Cell processors

Discussion in 'Automated Trading' started by WayneWunder, Oct 15, 2009.

  1. Hi,
    Has anyone had experience developing ATS platforms for cell processors and is there alot of traders/financials using this technology.

    Also whats better in terms of processing power and multithreading capabilities between Cell CPUs vs GPU's?

  2. Corey


    No direct experience (no ps3 to play on), but from what I have read, most parallel algorithms drop down easily from a conceptual point of view, but not so from an implementation point of view. To get the true power from the CELL CPU, you need to get your hands dirty with issues like loop-unrolling, bad branch prediction, memory coalescing (a GPU issue as well). You really have to make sure your code is appropriately vectorized. You also need to watch out for the hard memory limit.

    Basically, you're going to need to redesign your algorithms to fit into the constraints of the processor, but also to make sure that they are taking full advantage of the processors capabilities. Job management and what-not.

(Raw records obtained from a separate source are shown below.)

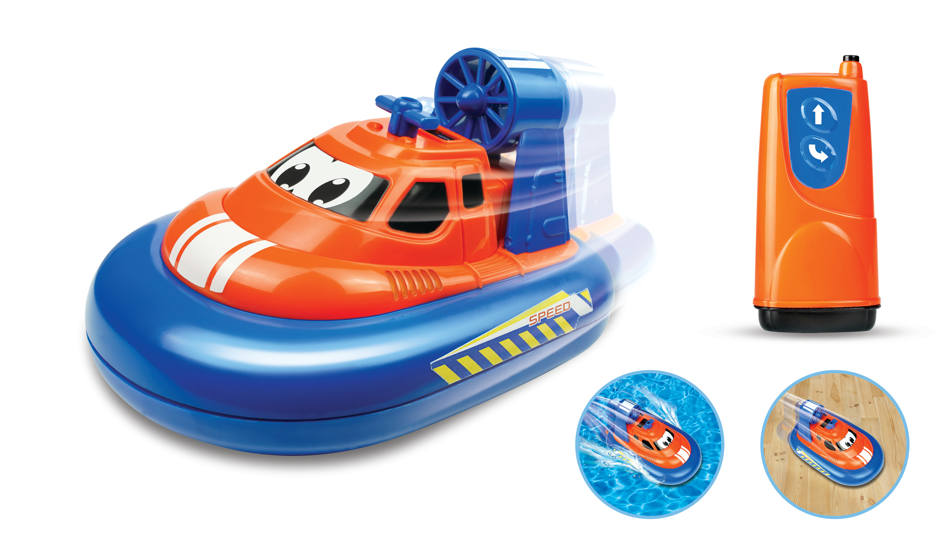 Mon aéroglisseur radiocommandé - 16 cm Rien n'arrête ton véhicule : au sol ou dans l'eau, il va toujours à fond ! Technologie 2.4 Ghz pour une utilisation intérieure/extérieure. Piles : 4 x AA (non incluses). A partir de 3 ans.
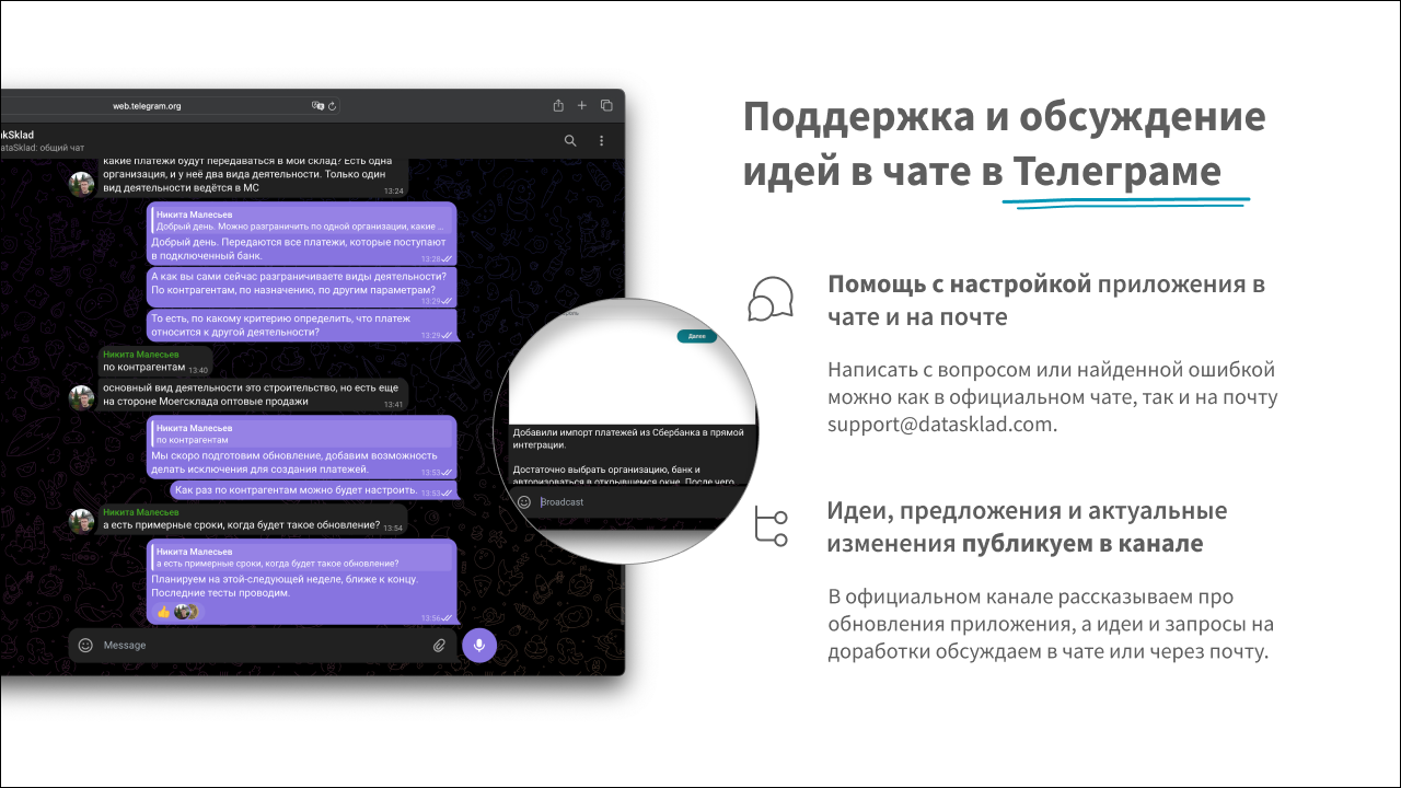 - Можно настроить уведомления в Телеграме по различным чатам для входящих и исходящих платежей
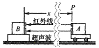 4、计算题 借助运动传感器可用计算机测出物体运动的速度。如图所示,传感器系统由两个小盒子A、B组成,A盒装有红外线发射器和超声波发射器,它装在被测物体上,每隔0.03 s可同时发射一个红外线脉冲和一个超声波脉冲;B盒装有红外线接收器和超声波接收器,B盒收到红外线脉冲时开始计时(红外线的传播时间可以忽略不计),收到超声波脉冲时计时停止。在某次测量中,B盒记录到的连续两次的时间分别为0.15 s和0.20 s,根据你知道的知识,该物体运动的速度为多少?运动方向是背离B盒还是靠近B盒?(声速取340 m/s)
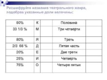 Расшифруйте название театрального жанра подобрав указанные доли велечины
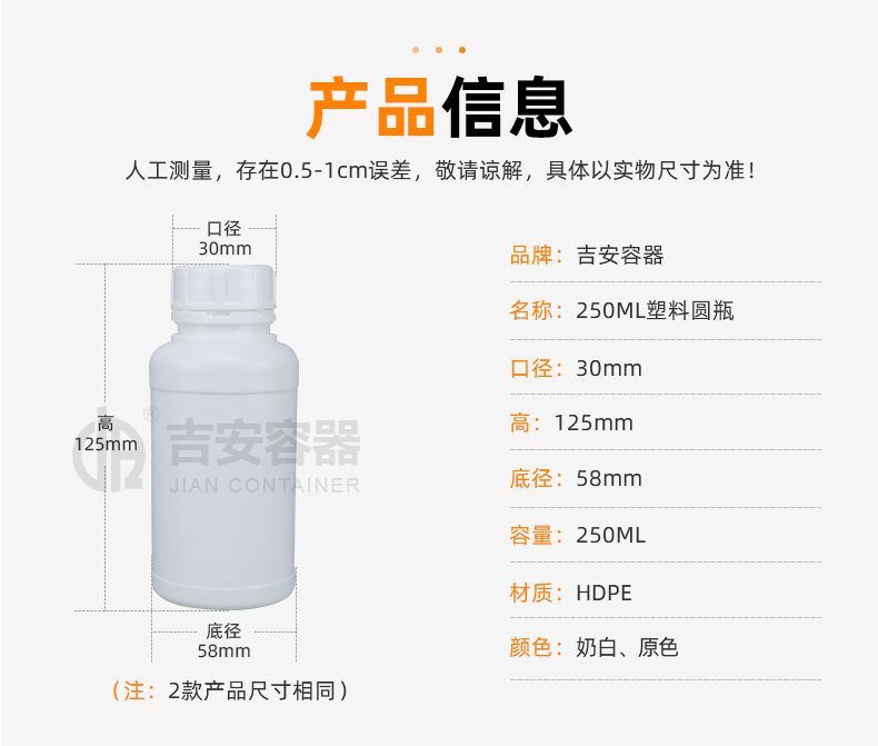 小口塑料瓶采用全新HDPE塑膠原料吹塑而成,具備韌性好、耐酸堿、耐腐蝕、不變形,密封性能佳等特點,可根據客戶需求定制、改色、產品適用于化工、清洗劑、醫藥、液體、食品、農業等各行業包裝。

    From a Stack-Overflow thread. Issues you need to deal with when handling a SPU:

    * Atomic operations (lock-free try-discard style).
    * Strong distinction between memory areas. You have to know which pointer is pointing to which memory area or you'll screw everything up.
    * No enforced hardware distinction between data and code. This is actually a fun thing, you can setup dynamic code loading and essentially stream subroutines in and out. Self-modifying code is possible but not necessarily practical on SPU.
    * Lack of hardware debugging aids.
    * Limited memory size.
    * Fast memory access.
    * Instruction set balanced toward SIMD operations.
    * Floating point "gotchas".

    My experience with GPUs is basically that getting a naturally parallel algorithm over is pretty simple, and as long as the memory transfer isn't your bottleneck (i.e. you are giving it enough to work with), you get a free speed-up. The basics are easy. However, really getting nitty gritty can be difficult, and getting the MOST out of your GPU is quite difficult. I've mainly used it for back-testing and that sort of stuff.
  3. nitro


  4. maxpi


    I wonder if any of these multi processor complex things can beat software that is compact, compiled to native Intel code and runs entirely in the processor cache on a single [multi-core] processor..
  5. nitro


    If the application is embarrisingly parallel, and the cost of marshalling the data and code to and from the GPU is negligable compared to the computation involved, the answer is it is not even close, and it can be 100x faster to run on a GPU.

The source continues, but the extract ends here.